● Task prompt
In the records below, find the line that contains "Μπλούζα με διακριτικό" and the line that contains "Dutailier microfiber glider", then retype exactly those two lines and every line between them.

● Data for the task
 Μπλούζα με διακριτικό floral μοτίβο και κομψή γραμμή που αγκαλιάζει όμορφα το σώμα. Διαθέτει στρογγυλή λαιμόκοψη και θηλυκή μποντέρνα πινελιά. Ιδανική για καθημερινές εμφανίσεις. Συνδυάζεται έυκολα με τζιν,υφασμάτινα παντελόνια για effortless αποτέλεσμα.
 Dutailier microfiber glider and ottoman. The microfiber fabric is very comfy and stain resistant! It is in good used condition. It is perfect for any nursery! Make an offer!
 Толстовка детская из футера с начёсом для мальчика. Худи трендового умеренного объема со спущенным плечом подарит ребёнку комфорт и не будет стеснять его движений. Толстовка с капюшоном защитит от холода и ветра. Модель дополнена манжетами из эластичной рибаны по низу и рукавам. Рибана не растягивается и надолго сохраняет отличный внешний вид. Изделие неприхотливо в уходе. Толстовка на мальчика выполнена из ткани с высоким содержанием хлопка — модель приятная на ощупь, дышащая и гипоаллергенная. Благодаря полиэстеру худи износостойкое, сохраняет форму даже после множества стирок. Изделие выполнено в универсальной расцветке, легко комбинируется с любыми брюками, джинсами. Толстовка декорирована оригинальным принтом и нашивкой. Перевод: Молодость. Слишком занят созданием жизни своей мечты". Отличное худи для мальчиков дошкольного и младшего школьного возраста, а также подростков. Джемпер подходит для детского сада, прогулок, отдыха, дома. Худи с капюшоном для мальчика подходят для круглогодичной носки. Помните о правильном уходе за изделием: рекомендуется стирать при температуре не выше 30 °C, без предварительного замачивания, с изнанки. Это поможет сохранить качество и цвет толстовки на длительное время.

==

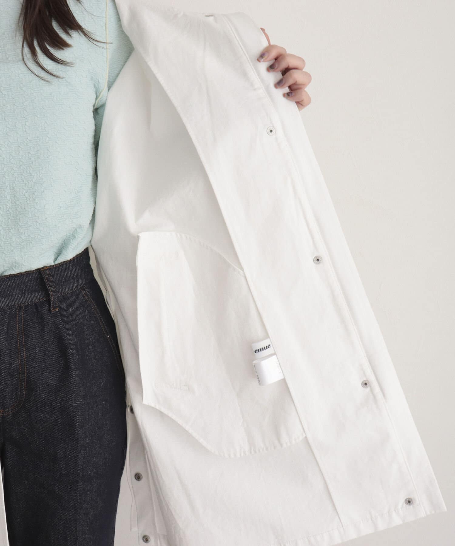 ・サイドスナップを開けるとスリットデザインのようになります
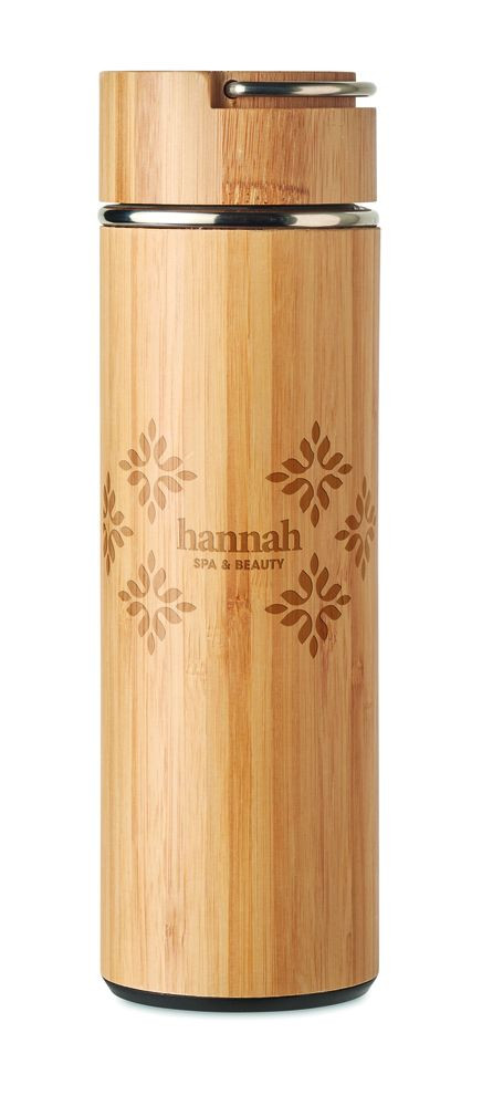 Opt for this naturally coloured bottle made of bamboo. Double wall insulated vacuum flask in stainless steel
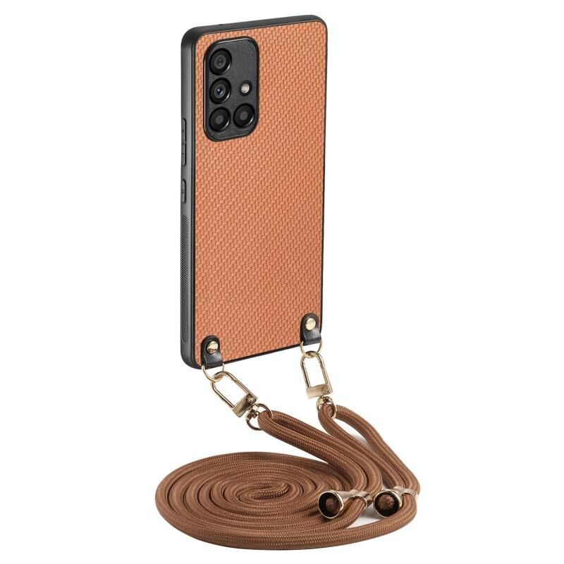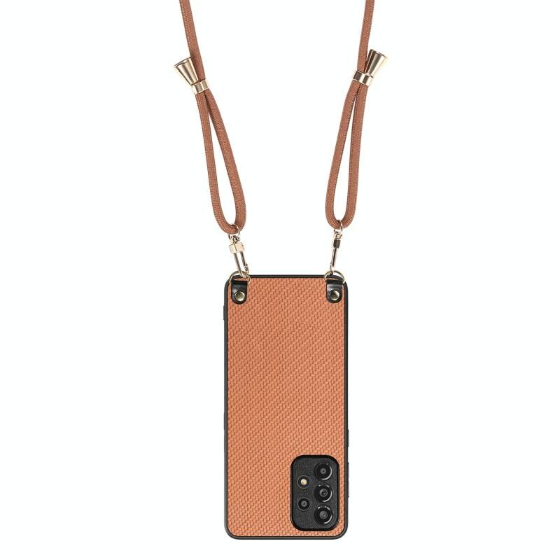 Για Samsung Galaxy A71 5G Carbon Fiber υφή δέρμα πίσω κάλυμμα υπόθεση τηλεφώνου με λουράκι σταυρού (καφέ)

● Task output
 Μπλούζα με διακριτικό floral μοτίβο και κομψή γραμμή που αγκαλιάζει όμορφα το σώμα. Διαθέτει στρογγυλή λαιμόκοψη και θηλυκή μποντέρνα πινελιά. Ιδανική για καθημερινές εμφανίσεις. Συνδυάζεται έυκολα με τζιν,υφασμάτινα παντελόνια για effortless αποτέλεσμα.
 Dutailier microfiber glider and ottoman. The microfiber fabric is very comfy and stain resistant! It is in good used condition. It is perfect for any nursery! Make an offer!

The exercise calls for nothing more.